Recientemente
fui a ver la exposición de José Ramón
Amondarain, tras un largo paseo por Madrid, por zonas que aun llevando toda
la vida viviendo en esta ciudad no conocía, encontré la galería Max Estrella
donde se hallaba la muestra “Amar Gana”. El nombre de la galería al verlo
simplemente me gustó ya que me recordaba al protagonista de una de mis obras
literarias favoritas de Valle- Inclán, “Luces de bohemia”, esto ya me
predispuso a tener una buena actitud hacia la exposición. Este sentimiento no
cambió cuando entré en la galería, ya que a pesar de no comprender habitualmente
el arte contemporáneo, caí rendida a los pies de Amondarain al ver tal
exhibición de conchas, lo que me recordaba a mis veranos de niña en la playa,
parecía sentir una brisa marina cargada de recuerdos.

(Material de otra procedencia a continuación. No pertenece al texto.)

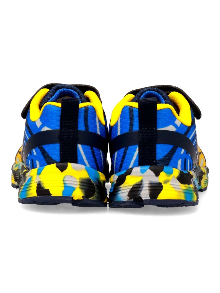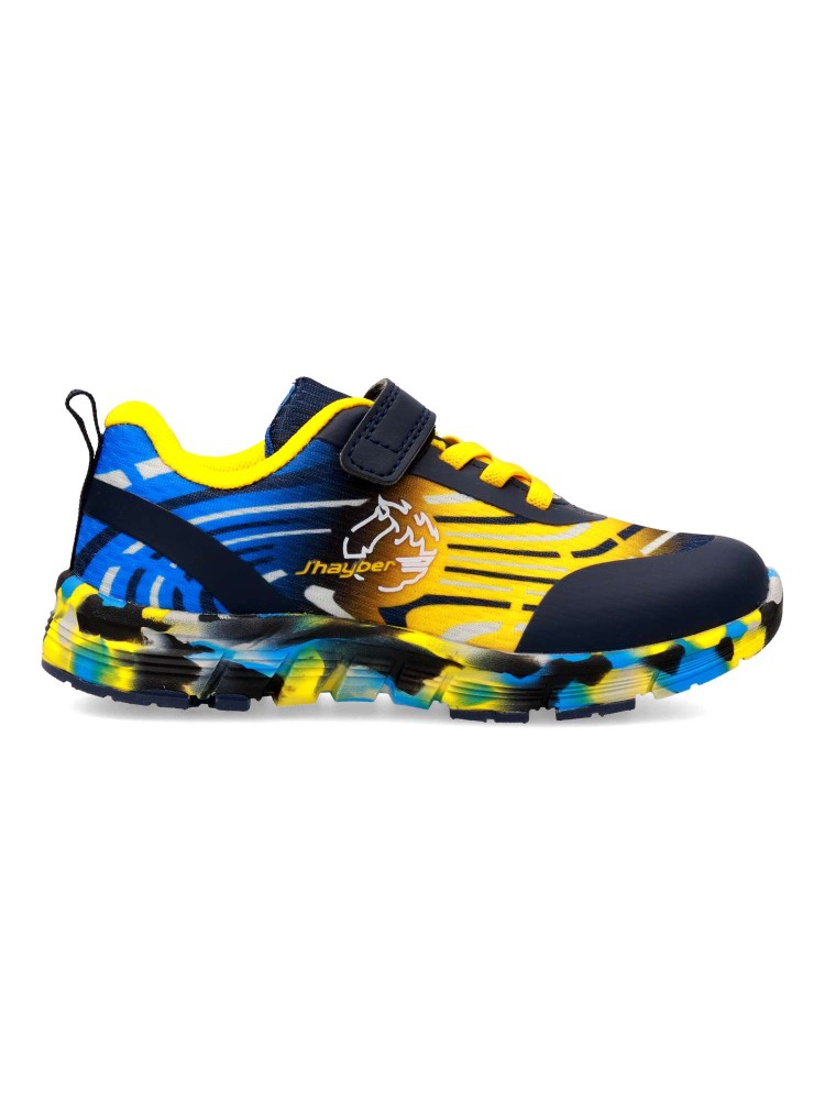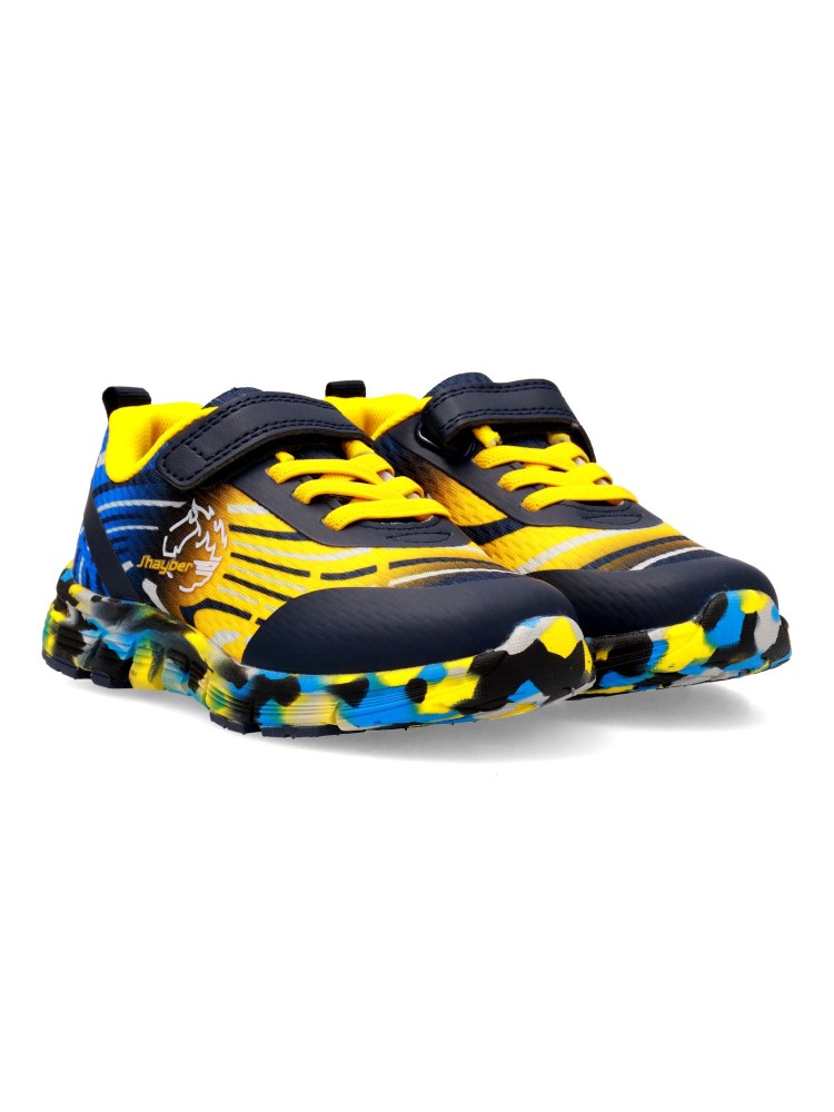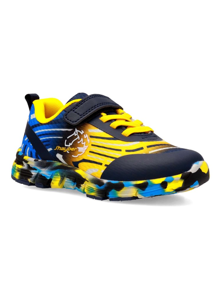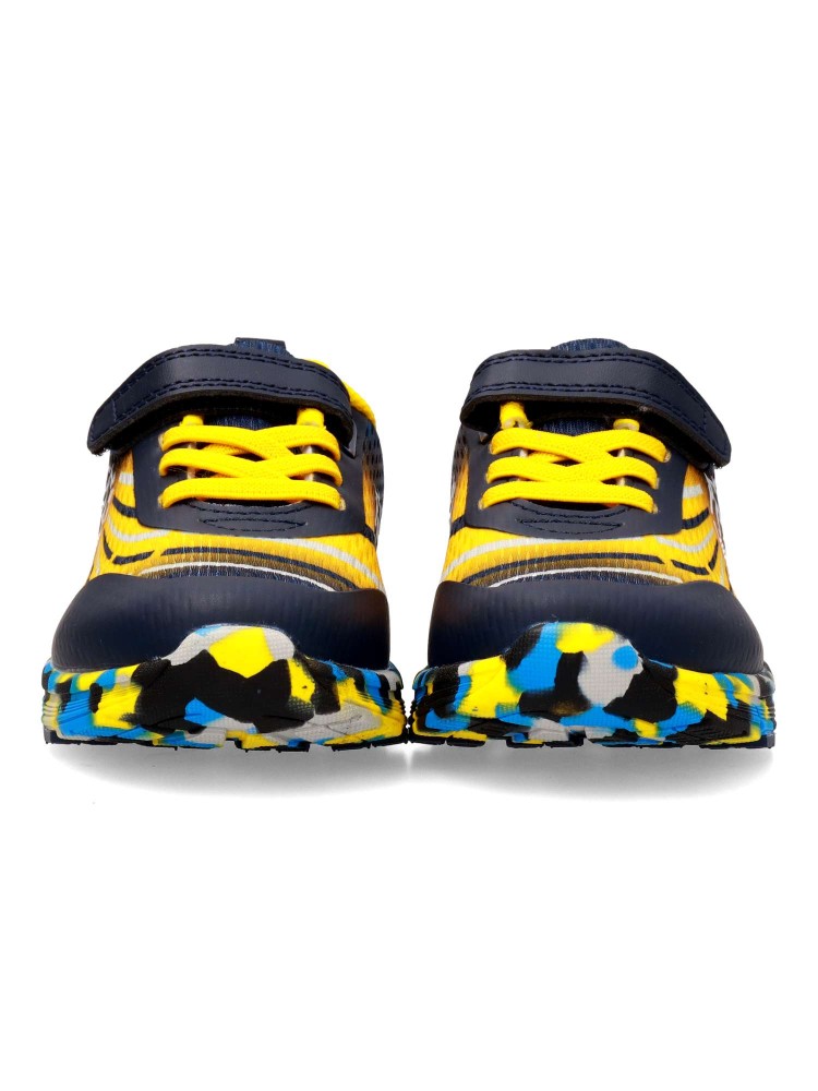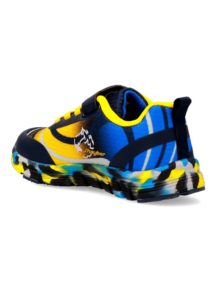 Deportiva de niño, tipo running. Cierre adherente y cordones elásticos. Fabricado en material sintético y textil, con suela de goma. Color marino. Diseño versátil, ligero, flexible y transpirable, con el que los peques no pararán de jugar.

A medida que me adentraba
en la exposición recordaba como de niña recogía todas las conchas que me
encontraba y las guardaba, aunque nunca con un fin simplemente eran bonitas,
comencé a preguntarme si podría haber sido una artista con mis conchas como el
autor con las suyas.
Es posible
que con la idea de recoger esas conchas con distintos nombres de personajes
célebres como Picasso o Duchamp entre otros, como si fuesen retratos, es
simplemente un juego para el autor, que pretender romper con la seriedad de los
retratos, haciendo ver que cada retrato tiene el simbolismo que tú le quieras
dar pero siempre es lo mismo en el fondo, en su obra son diversos tipos de
caracolas o conchas pero al final son lo mismo, moluscos, otra característica es
que esos moluscos que el fotografía son inertes, es decir que los moluscos son
perecederos, bajo mi punto de vista está jugando con una cuestión, la idea de
que todos morimos y que tú puedes ser retratado y al morir el retrato seguirá
dándote vida. Es posible que me deje llevar por mis propias reflexiones pero
también creo que al elegir elementos marinos, con nombres de personas, deja
entre ver la idea de que la vida son ríos que van a dar a la mar que es la
muerte. Aunque también puede ser una provocación a que el espectador interactúe
con la obra al recordar, al igual que yo lo hice, esos recuerdos de vacaciones
en el mar.
Al principio
al ver esos nombres tan significativos bajo las conchas intentas darle algún
sentido o relacionarlos, pero poco a poco te das cuenta de que es un juego no
tienen relación los nombres y las conchas, simplemente tiene el sentido que tú
le quieras dar, como cuando haces un castillo de arena decorado con conchas, a
cada conchas le das una función una puede ser una ventana de un torreón o
simplemente una decoración más, lo que también puede llevarte a pensar, debido
a la personificación de las diversas caracolas, ¿somos simple decoración en el
gran castillo de arena que es el mundo?
Esta
divertida y desenfadada exposición no dejó de sorprenderme, ya que tardé un
rato en darme cuenta del anagrama que formaba el propio nombre de la
exposición, pero al darme cuenta pensé que Amondarain debía ser divertido e
ingenioso. Acto seguido entre en otra sala en la que el artista jugaba con nombres
de algunos personajes para crear una frase totalmente aislada del personaje, el
ejemplo es amar gana y su significación, anagrama, al igual que los nombres de
muchos otros artistas como Andy Warhol y su anagrama equivalente: hold any war.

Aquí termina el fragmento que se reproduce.